There are a few official sources in Australia for Criminal Records. These range from state and Federal Police services that can provide a local criminal history check. There are also National Police Checks that can be obtained through several accredited companies as well as Australian police services. Fingerprint checks may also be obtained through the Federal Police.

The key with all official criminal record checks is that the person being considered must approve the application. In addition to police checks, there are other sources for obtaining information on a person’s criminal history.

National Police Check

Over 5 million National Police Checks were performed in Australia from 2017 to 2018. These are the most common form of official criminal history checks for employment and licensing throughout the country.

The Australian Criminal Intelligence Commission (ACIC) is the organisation responsible for the service. They work with police agencies throughout the country to deliver a coordinated national approach to checks. The ACIC also accredits private companies and organisations to deliver the police check service to the public.

Proof of identity is required to conduct a police check. This is normally to the 100-point standard. The person the check is being performed on must approve the process or undertake the application themselves.

The process for obtaining the records can take anywhere from 24 hours to 10 days. Most will be returned quickly however there are instances where information must be further considered.

The cost of a National Police Check will vary from provider to provider. Each is free to charge their own fee based upon their own business model. The current fees that ACIC charges the providers (January 2019) is $23 for a standard check and $7 for a volunteer check. Prices are GST exclusive. Most accredited bodies will charge at least double their cost, quite often more so for volunteers. If you’re interested in seeing the differences, there was a National Police Check Price Comparison done in 2015.

When you are required to obtain a police check

When you must provide your own national police check as part of applying for an industry licence check, or other eligibility cards, be sure to read the fine print. Not all checks are considered equal in the eyes of some Government bodies. They will only accept ones conducted by select organisations such as the AFP. Reading the section carefully can save you doubling up on your expense.

What are Criminal Records used for?

With 5 million performed over the last few years, criminal records checks are now part of the status quo. They have a varied range of uses from employment checks to visa applications. Some of the common use cases are:

  • Employment Vetting
  • Visa Applications
  • Adoption
  • Volunteering
  • Occupational Licensing
  • Vulnerable persons check (Working with children, Aged Care)
  • Student placements
  • Government employment

Unofficial and Free Criminal Records

There are several sources for unofficial Australian criminal records. These range from compiled databases of newspaper articles through to collections of court notices. This style of record is gathered by individuals and businesses and commonly sold for an access fee. It is all publicly accessible information that has been collected and put into a format of interest to potential customers.

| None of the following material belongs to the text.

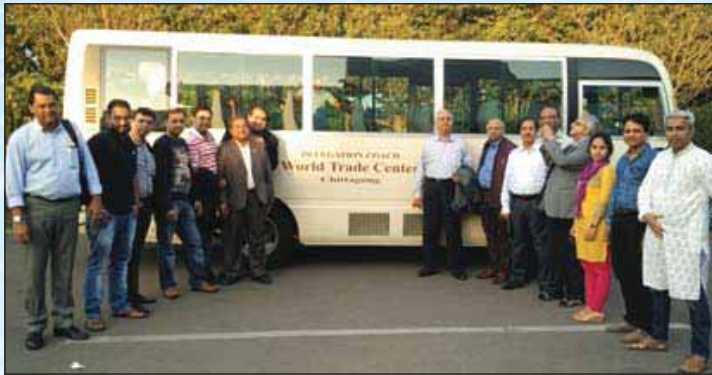
Members of BCC&I Delegation - on arrival at the Chittagong airport

These styles of records do not notify the person of the search and do not require consent. This can be of use when conducting investigations.

Be very careful how ever not to make decisions based solely upon these styles of records. Daily court lists ARE NOT  proof of criminal activity or any wrongdoing, they are simply a mention of a person attending court. Cases get dismissed, people are found not guilty, no conviction may be recorded, there are several variables. It may be a handy starting point for a lead on an investigation, but it should not be the conclusion.

Free Criminal Records are not normally labelled as such. You can find details of convictions and other details through court documents in Australia. Sites such as Austlii house collections of records from a variety of courts throughout the country. Using a name in a keyword search may provide you with criminal cases as well as civil ones. Other court documents are also released that provide information on convictions. Whilst these are not a true overall picture and complete criminal history profile, they may provide you with an insight.

Websites offering up free criminal records in Australia should be avoided. These are commonly historical in nature only and useful for genealogy research. The other style is ones that contain international details only and draw a blank on Australia.